Edward Snowden wanted to spark a debate about the role of the National Security Agency. The man who set in motion revelations about the reach of the mass surveillance programs has succeeded on that count. The discussion heightened on Monday when federal Judge Richard Leon issued a scathing assessment of the bulk collection of phone records, concluding the effort likely violates the Constitution.
Debate has been launched elsewhere, on Capitol Hill, and at the White House, where President Obama soon will receive the proposals of an advisory committee formed to examine NSA operations. For his part, Judge Leon, an appointee of George W. Bush to the district court in Washington, added a helpful dose of edge describing the surveillance as “almost Orwellian” and something that would leave James Madison “aghast.”
His ruling challenged the first purpose of the program, the contention that collecting the wide range of phone records is necessary to thwart terrorist attacks. He noted an “utter lack of evidence that a terrorist attack has ever been prevented because searching the NSA database was faster than other investigative techniques.”
Thus, the judge concluded that the “indiscriminatory” and “arbitrary” approach landed far short on the crucial test — whether the government’s interest in collecting telephone data in bulk outpaces individual privacy interests.
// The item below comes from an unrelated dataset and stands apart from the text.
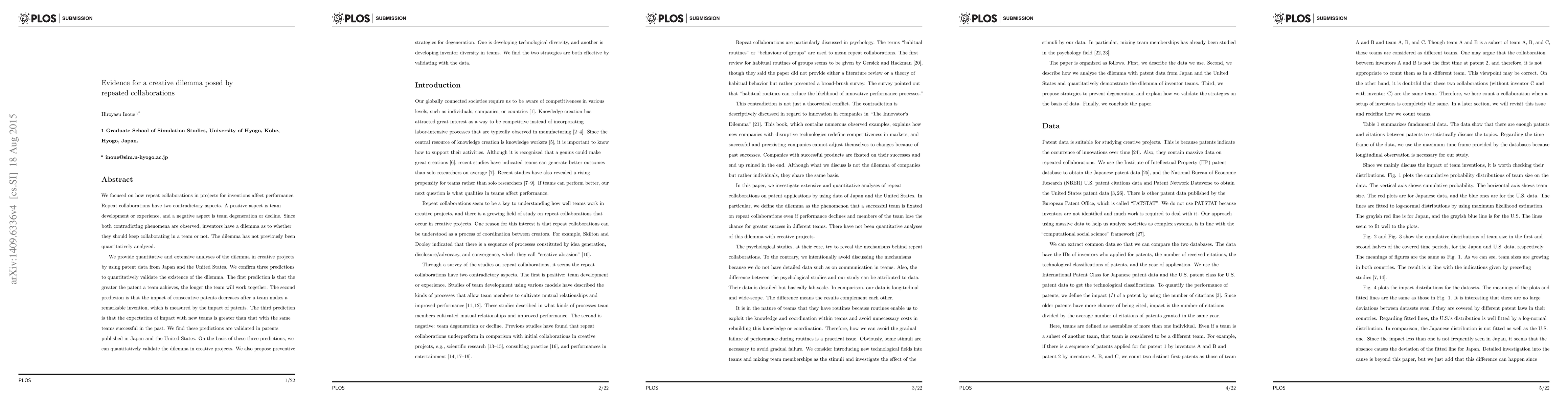 We focused on how repeat collaborations in projects for inventions affect performance. Repeat collaborations have two contradictory aspects. A positive aspect is team development or experience, and a negative aspect is team degeneration or decline. Since both contradicting phenomena are observed, inventors have a dilemma as to whether they should keep collaborating in a team or not. The dilemma has not previously been quantitatively analyzed. We provide quantitative and extensive analyses of the dilemma in creative projects by using patent data from Japan and the United States. We confirm three predictions to quantitatively validate the existence of the dilemma. The first prediction is that the greater the patent a team achieves, the longer the team will work together. The second prediction is that the impact of consecutive patents decreases after a team makes a remarkable invention, which is measured by the impact of patents. The third prediction is that the expectation of impact with new teams is greater than that with the same teams successful in the past. We find these predictions are validated in patents published in Japan and the United States. On the basis of these three predictions, we can quantitatively validate the dilemma in creative projects. We also propose preventive strategies for degeneration. One is developing technological diversity, and another is developing inventor diversity in teams.We find the two strategies are both effective by validating with the data.

The secret court that oversees the surveillance program long has pointed to a 1979 precedent set by the Supreme Court. The justices ruled then that individuals do not have a reasonable expectation of privacy for information they have exposed to a third party, for instance, the phone company. The NSA stresses it is just collecting “metadata,” numbers, dates, times and the duration of calls, not the content of conversations.
What Judge Leon reminded is that the world of communications has changed dramatically, or beyond “anything that could have been conceived” three decades ago. He noted that in 2012, the high court barred police officers from using a GPS tracking device to follow the path of a suspect without first getting a warrant.
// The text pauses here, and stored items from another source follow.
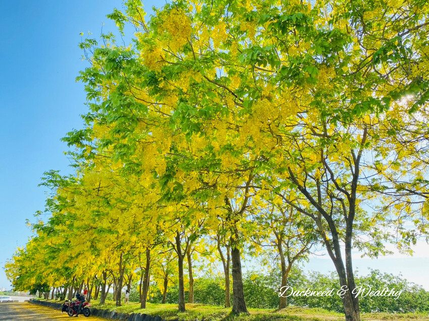 曾文堤防處旁的大片阿勃勒在陽光照耀下閃耀的迷人,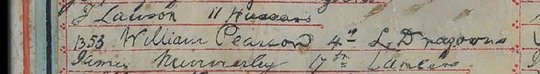 Another native of Penrith, one James Smith (born 1828), had been at school with William Pearson, and in 1845 joined the 1st Life Guards. He later said that a couple of years after joining up he had met up again with Pearson who had come to London seeking work. Smith sent him to see Colonel the Hon. Cecil Lowther of the 7th Hussars, a veteran of the Peninsular War, who had served under Sir John Moore in the famous retreat at Corunna in 1809.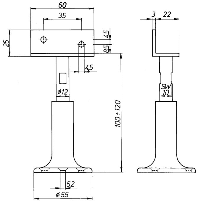 regulowana wysokość - aluminium - ze wspornikiem - płyta podstawy z otworami na śruby - regulowana za pomocą gwintu M12 - dla wysokości od 100 do 120 mm

If the judge found little evidence to suggest the National Security Agency program has stopped a terrorist attack, it also seems that critics lack proof of the agency misusing the data it collects, or somehow trampling on privacy. What should worry, and what echoes in the judge’s ruling, is the real potential for abuse, the program requiring better safeguards, starting with a narrowing of its scope. That potential is yet another element open for full and animated debate, this case headed for the federal appeals court and, ultimately, to the Supreme Court.